▸ PROVIDED RECORDS:
=== Section Start ===
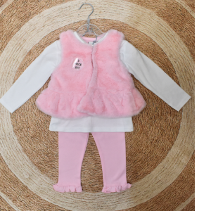 BABY GIRLS FAUX FUR GILET, TOP & LEGGING OUTFIT (1-5 YEARS)
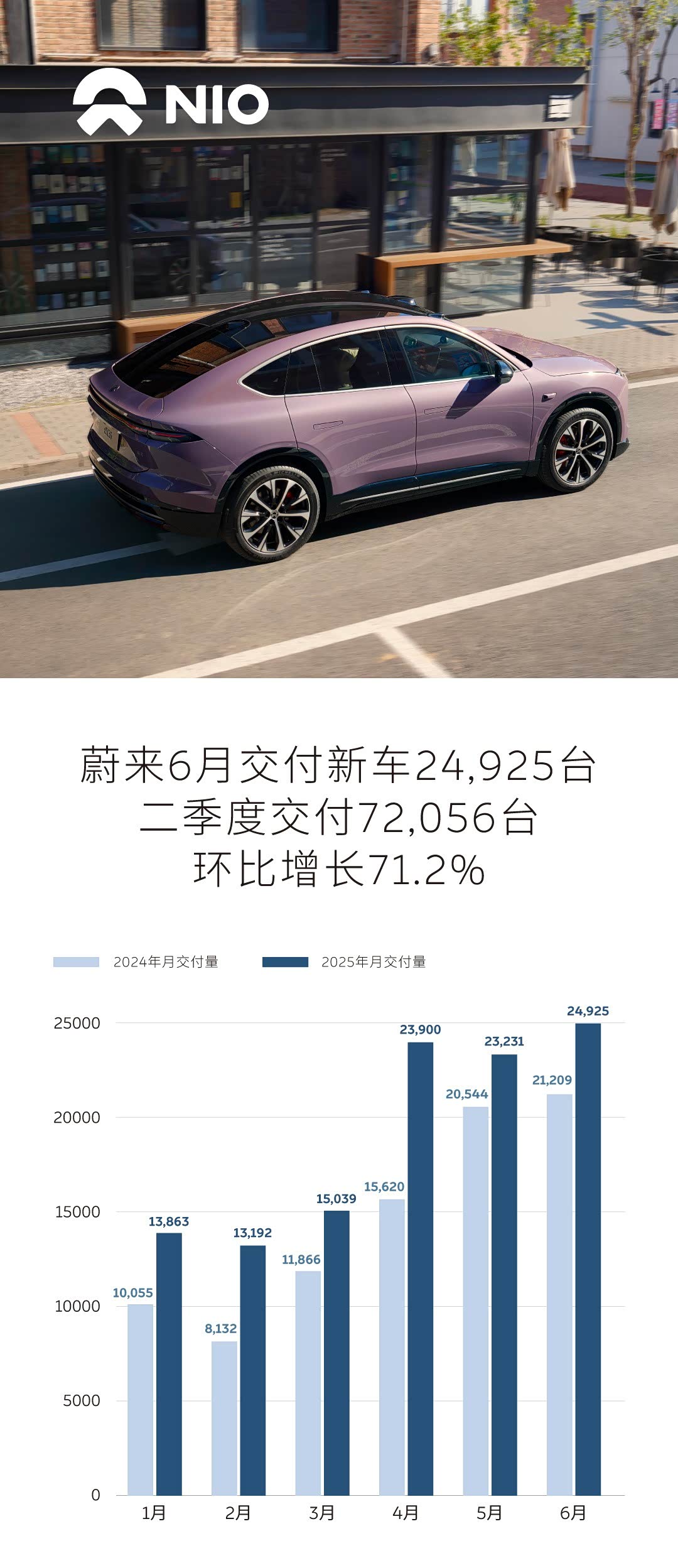 接下来是蔚来汽车,6月份交付24925辆,同比增长17.5%,二季度累计交付72056辆,同比增长25.6%。6月份蔚来品牌交付新车14593台;乐道品牌交付新车6400台;firefly萤火虫品牌交付新车3932台。接下来,蔚来还准备了乐道L90以及全新ES8等车型,销量或许会有进一步的提升。
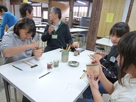今度は陶器の絵付けをやります。最初にお店の人がやり方と見本を見せてくれました。
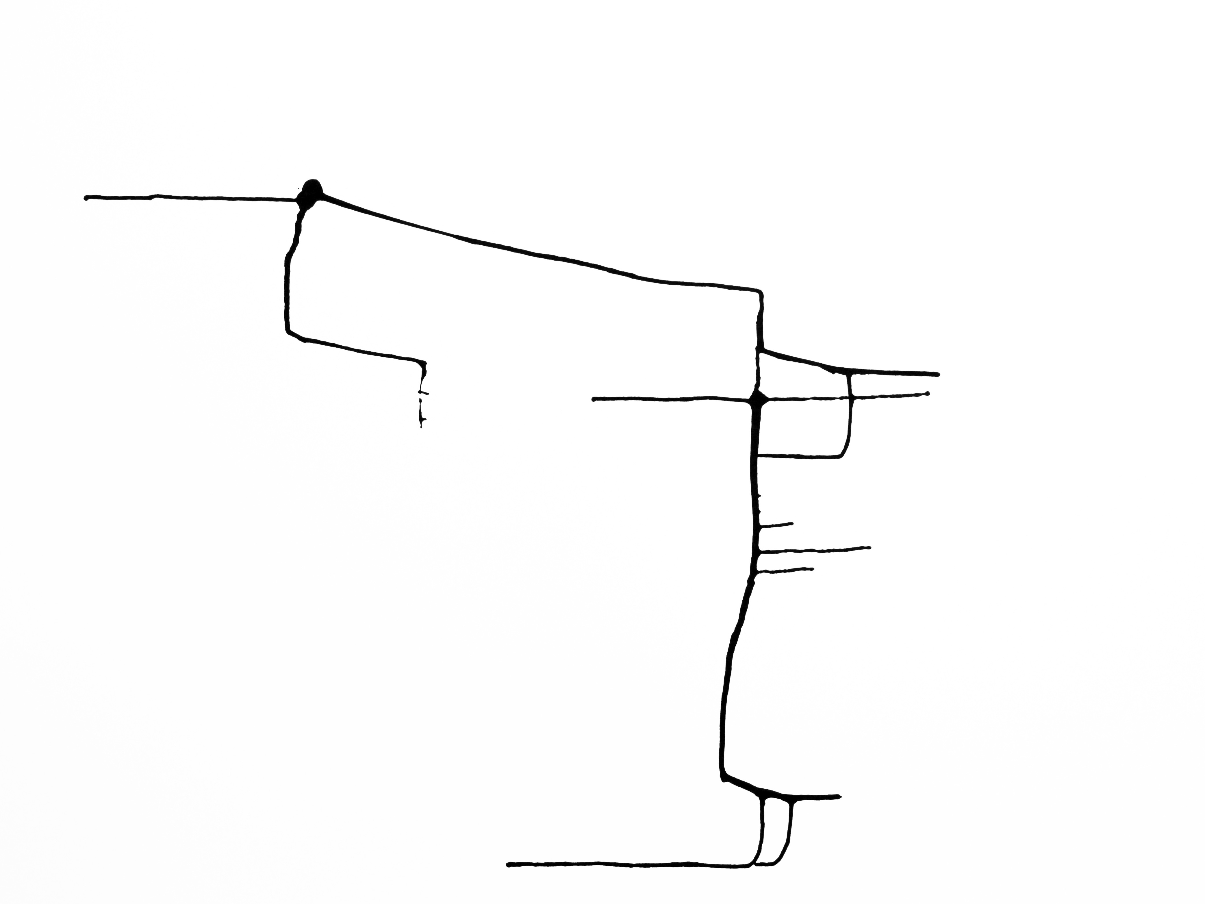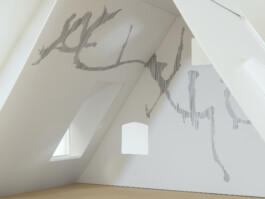 Ein gesetzter Tuschetropfen zieht sich über drei Raumseiten.
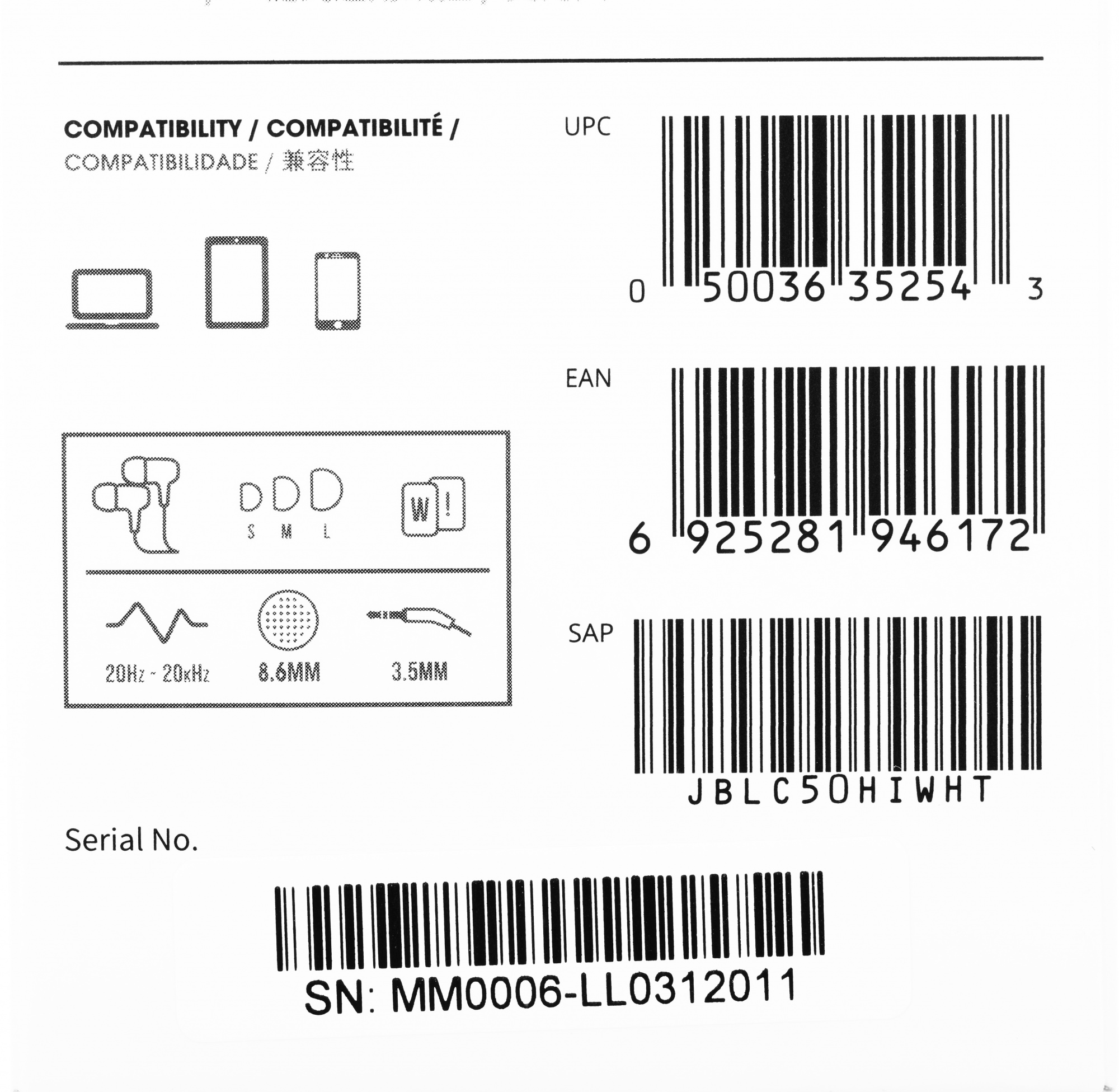 Наушники JBL - C50HI, Стерео, 3.5 мм, проводной, цвет белый, JBLC50HIWHT
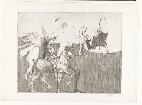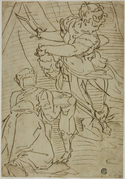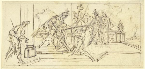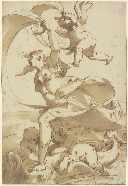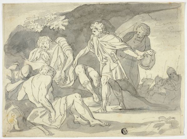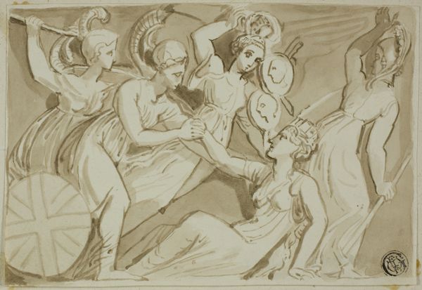 Thomas Stothard created this wash drawing, "Angel Placing Wreath on Head of Dying Soldier," sometime between the late 18th and early 19th centuries. Born in London, Stothard would have been keenly aware of the era’s shifting social and political landscape. His art often reflected the prevailing ideals of heroism, sacrifice, and national pride amidst near constant warfare. Here, an angel bestows a wreath upon a dying soldier, anointing him with glory in his final moments. The soldier's body is supported by comrades, creating a tableau of masculine camaraderie. The emotional intensity is palpable, underscored by the ethereal presence of the angel. While seemingly celebrating valor, the image also hints at the human cost of war, with the dying soldier representing countless unacknowledged sacrifices. The angel and wreath serve as a symbol of absolution, transforming the brutal reality of death into a moment of transcendence. This reflects both the cultural glorification of military service and the deeply personal grief experienced by those left behind.
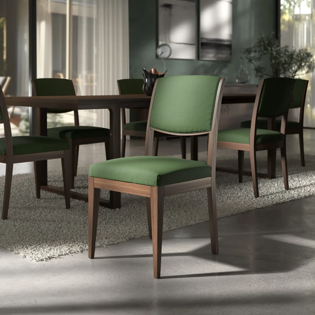 Il tavolo rettangolare 240 × 100 cm, con altezza 76 cm, è pensato per ambienti strutturati dove la zona pranzo diventa elemento architettonico centrale.
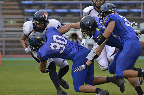 ライズの最後の攻撃も、DB#24竹内がパスをインターセプトして阻止。試合はこのまま終わり、インパルスが勝利した。
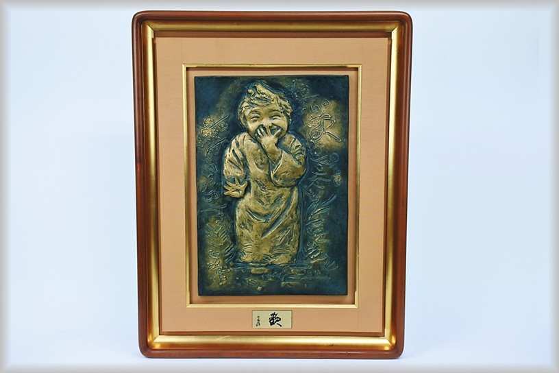 美品 ブロンズ額 レリーフ 北村西望「歓」半立体彫刻 木製額付 パネル 彫刻 オブジェ 文化勲章受章塑像 銅製 喜 少女 壁掛 Seibo Kitamura 收藏
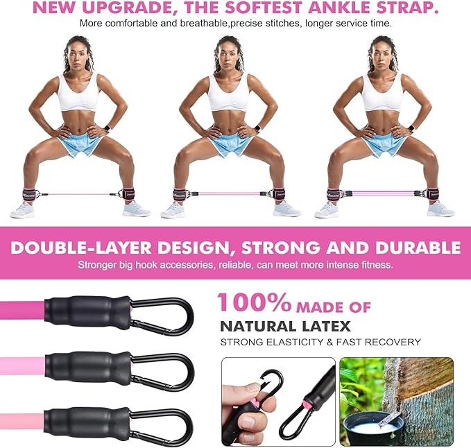 HOXWC Ankle Resistance Bands with Cuffs, Ankle Bands for Working Out, Ankle Resistance Band for Leg, Booty Workout Equipment for Kickbacks Hip Fitness Training, Exercise Bands for Butt Lift Women
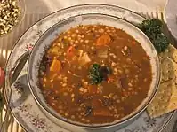 | soup | A meal that is mostly liquid and cooked in a broth | ![]() | |
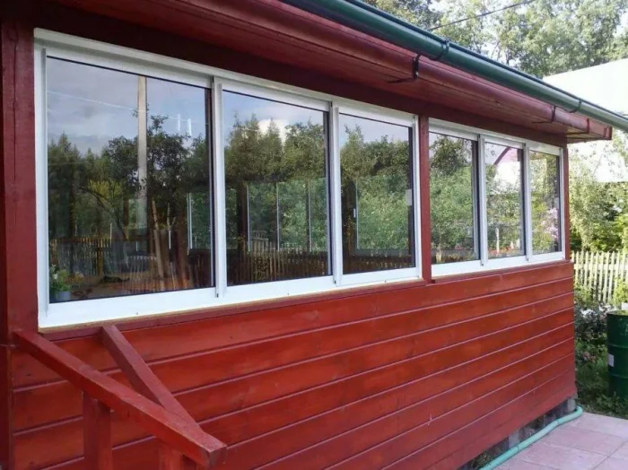 Большие окна веранды — это красиво, но холодно. Решение — установка современных стеклопакетов с двойным или тройным остеклением. Они не только сохранят тепло, но и избавят от уличного шума. При монтаже важно тщательно запенить все щели между рамой и стеной, особенно под подоконником.
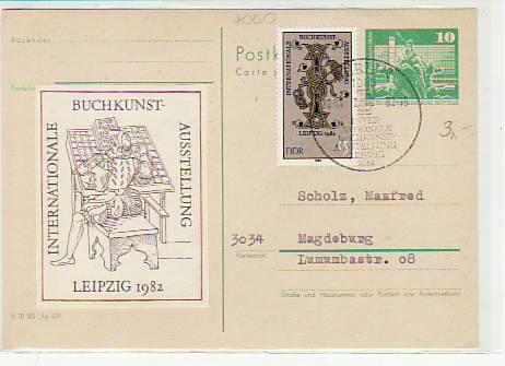Leipzig DDR-Postkarte Sonderstempel Buchkunst 1982
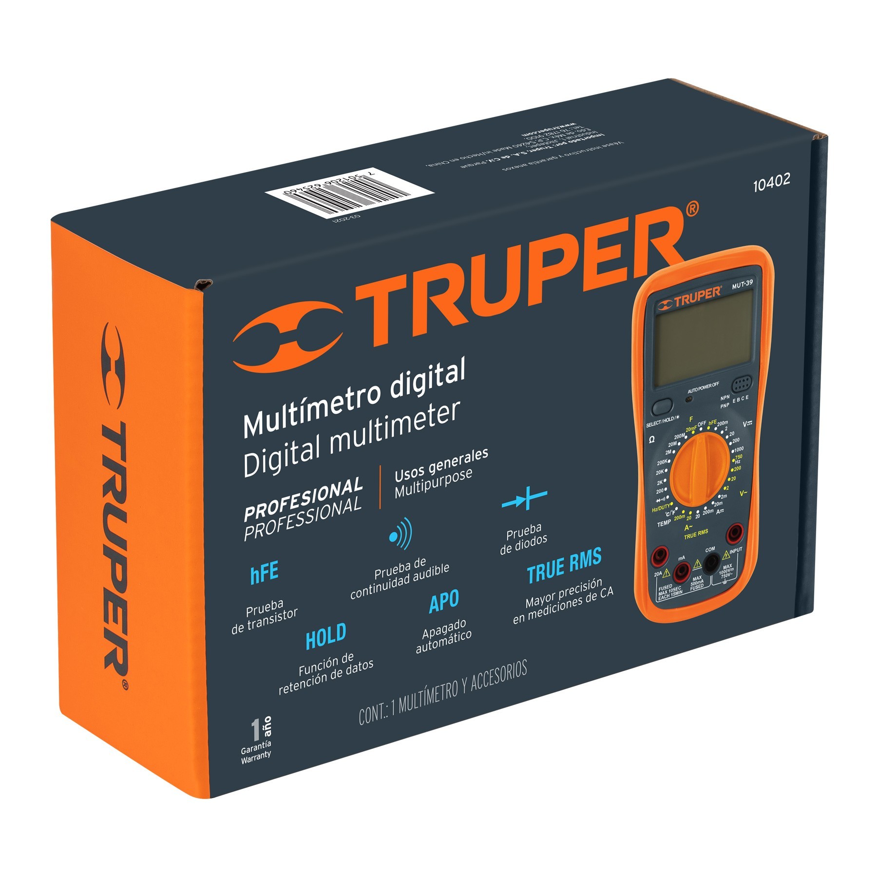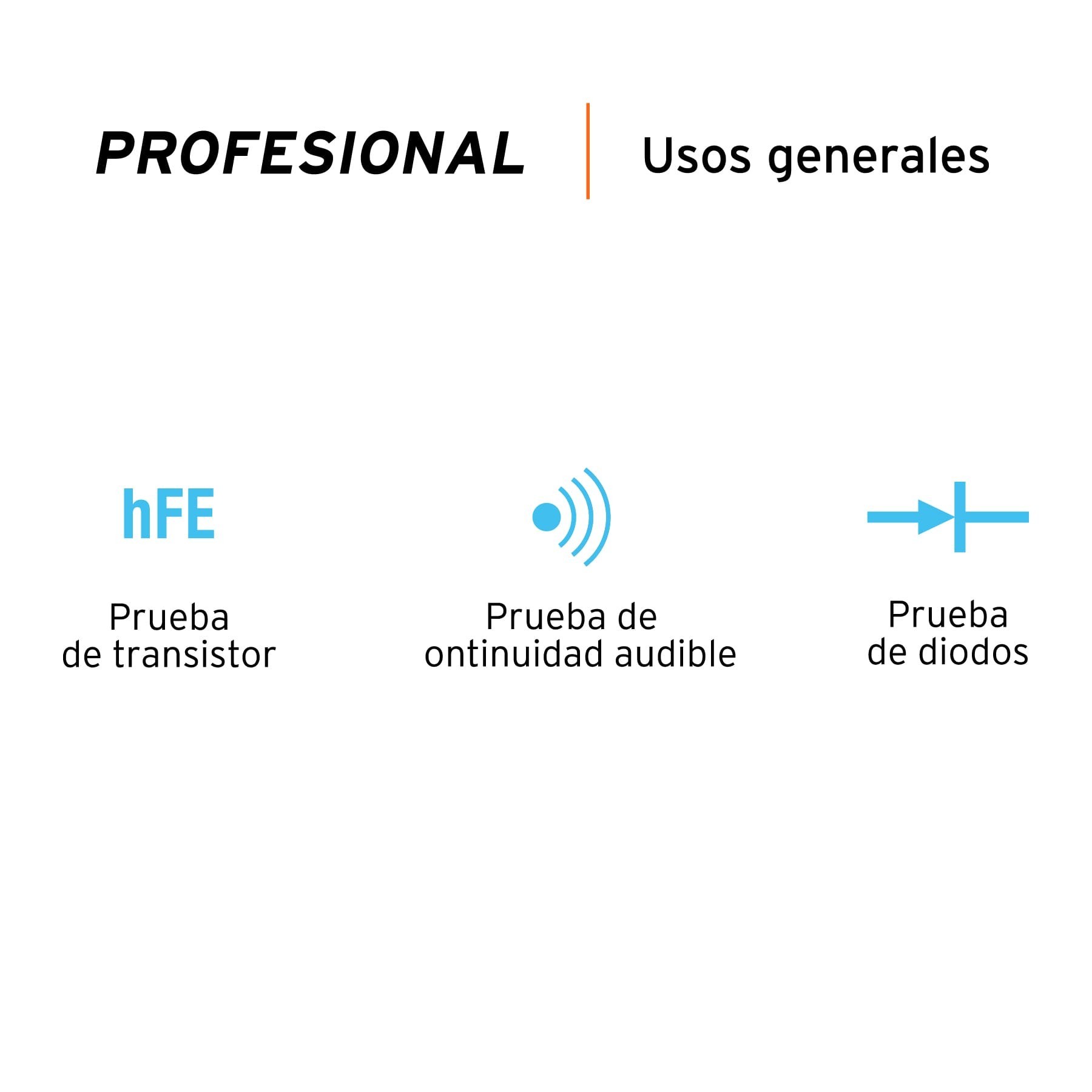 - Funciones: Prueba de continuidad audible, diodo, transistor NPN o PNP (0-1,000 B), Mayor precisión en mediciones de CA (True RMS) y Sistema de auto apagado (APO)
=== Section End ===
▸ PROBLEM DETAILS:
Looking above, find the stretch of lines that opens with the one holding "HOXWC Ankle Resistance" and closes with the one holding "Leipzig DDR-Postkarte Sonderstempel". Copy it exactly, pictures excluded.

▸ YOUR RESPONSE:
 HOXWC Ankle Resistance Bands with Cuffs, Ankle Bands for Working Out, Ankle Resistance Band for Leg, Booty Workout Equipment for Kickbacks Hip Fitness Training, Exercise Bands for Butt Lift Women
 | soup | A meal that is mostly liquid and cooked in a broth | ![]() | |
 Большие окна веранды — это красиво, но холодно. Решение — установка современных стеклопакетов с двойным или тройным остеклением. Они не только сохранят тепло, но и избавят от уличного шума. При монтаже важно тщательно запенить все щели между рамой и стеной, особенно под подоконником.
Leipzig DDR-Postkarte Sonderstempel Buchkunst 1982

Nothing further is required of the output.